# Melvin Manhoef talks Doug Marshall, getting tricked into fighting Mark Hunt



## GDPofDRB (Apr 18, 2013)

> *Melvin Manhoef talks Doug Marshall, getting tricked into fighting Mark Hunt (link)*
> 
> By: MMAjunkie Staff	September 17, 2014 7:45 pm
> 
> ...


Crazy. 18 seconds was all he needed to put hunts lights out. I really would like to see him win tomorrow, but not getting my hopes up too much, even against Marshal.


----------



## _RIVAL_ (Mar 7, 2008)

Any man who can lay Hunt flat in 18 seconds has fists of death.

Melvins biggest problem has always been his sub defense.... if he had his grappling in tune he'd be the scariest MW out there.


----------



## Voiceless (Nov 8, 2010)

_RIVAL_ said:


> Any man who can lay Hunt flat in 18 seconds has fists of death.

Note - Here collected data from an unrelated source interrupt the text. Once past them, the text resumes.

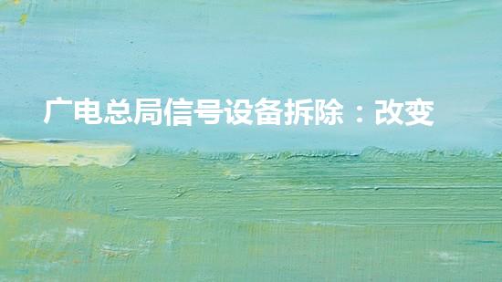 广电总局信号设备的拆除是电视发展的新篇章,这篇文章将会分别从以下四个方面进行深入分析介绍:1、广电总局信号设备拆除的背景和意义;2、数字电视的兴起和优势;3、广电总局信号设备拆除的影响和挑战;4、未来数字电视发展的可能性和前景。
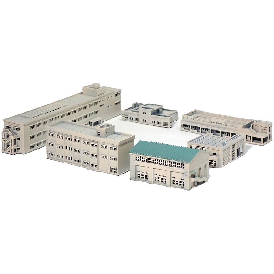 校庭含む推奨敷地サイズ:約 20cm x 10cm本校舎サイズ:約 13cm x 2.5cm x 高さ3cm体育館サイズ:約 5cm x 4cm x 高さ2.5cmそのほか4棟、全6パーツ
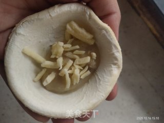 蛋挞皮解冻软化去掉壳,放入香蕉泥。
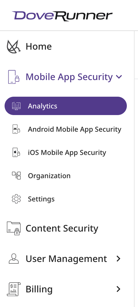 Mobile App Security Console: Can be accessed on DoveRunner Console directly.

Out of his 28 wins 26 are by KO - any questions¿


----------



## _RIVAL_ (Mar 7, 2008)

Voiceless said:


> Out of his 28 wins 26 are by KO - any questions¿


Questions? LOL I've been watching Manhoef for years in K1, DREAM and Strikeforce my question is why the hell has he not hired a proper BJJ Sensei.


----------



## Voiceless (Nov 8, 2010)

_RIVAL_ said:


> Questions? LOL I've been watching Manhoef for years in K1, DREAM and Strikeforce my question is why the hell has he not hired a proper BJJ Sensei.

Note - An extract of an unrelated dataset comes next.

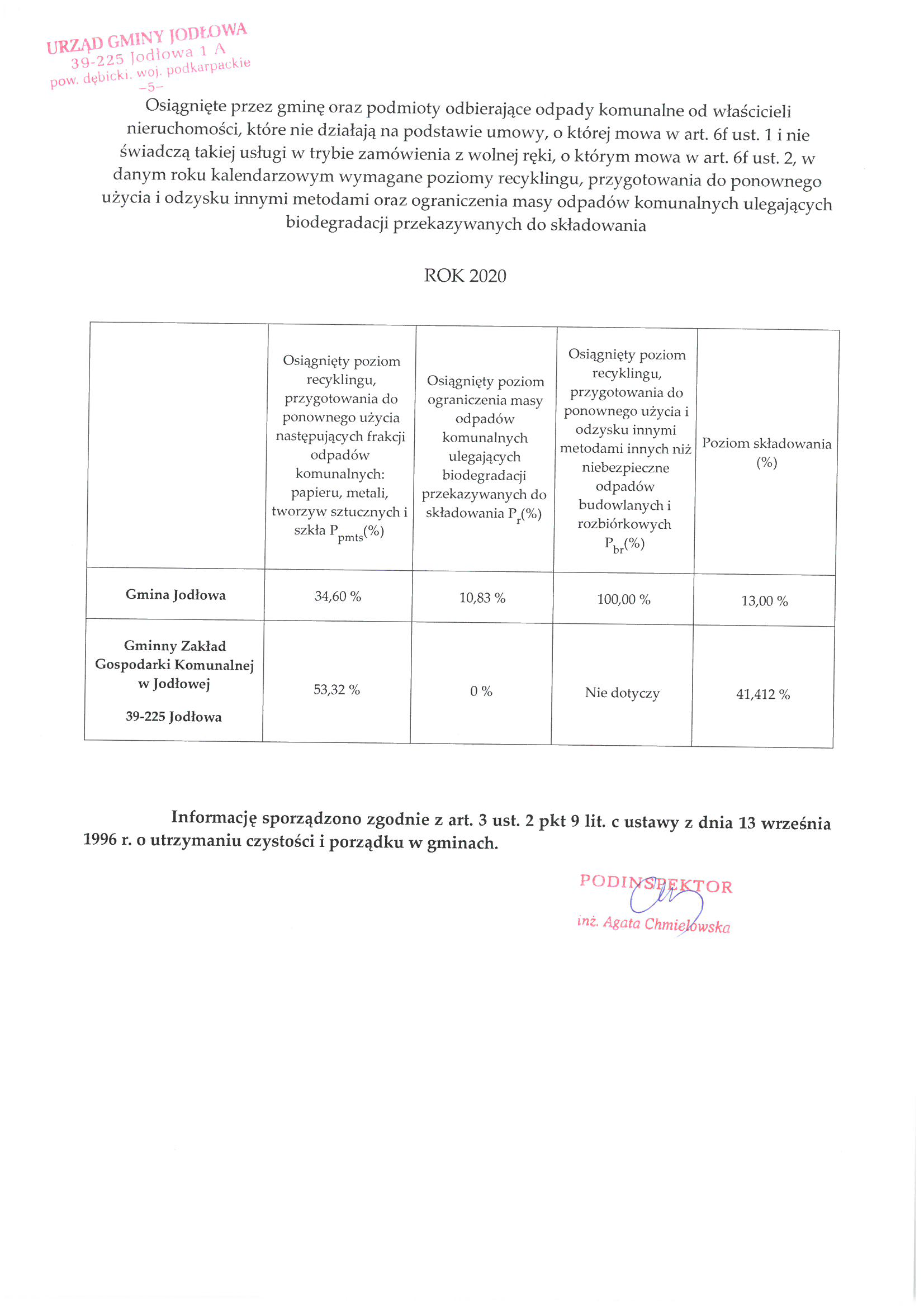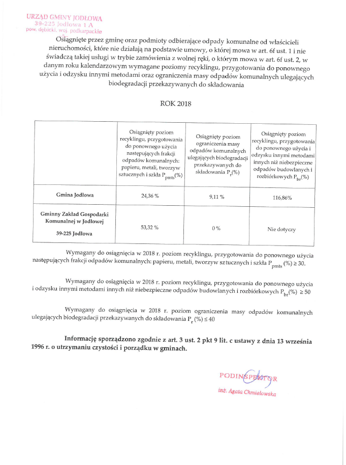 Informację sporządzono zgodnie z art. 3 ust. 2 pkt 9 lit. c ustawy z dnia 13 września 1996 r. o utrzymaniu czystości i porządku w gminach

Too true. It's so sad. He probably has one of the best executions in body mechanics concerning striking power. Basically nobody brings as much torque behind his strikes as him and he probably could KO a rhino ...only to get taken down and subbed by mid-level fighters...


----------



## _RIVAL_ (Mar 7, 2008)

Voiceless said:


> Too true. It's so sad. He probably has one of the best executions in body mechanics concerning striking power. Basically nobody brings as much torque behind his strikes as him and he probably could KO a rhino ...only to get taken down and subbed by mid-level fighters...


Melvin is the biggest case of a 1 dimensional fighter would would absolutely be the best in the world if he was able to just tune up one aspect of his game.

Hell even if his TDD was on point he'd have at least 6 less losses on his record.

Imagine Melvin with a dangerous BJJ game... #lock

Melvin can punch and kick a jet out of the sky.....


----------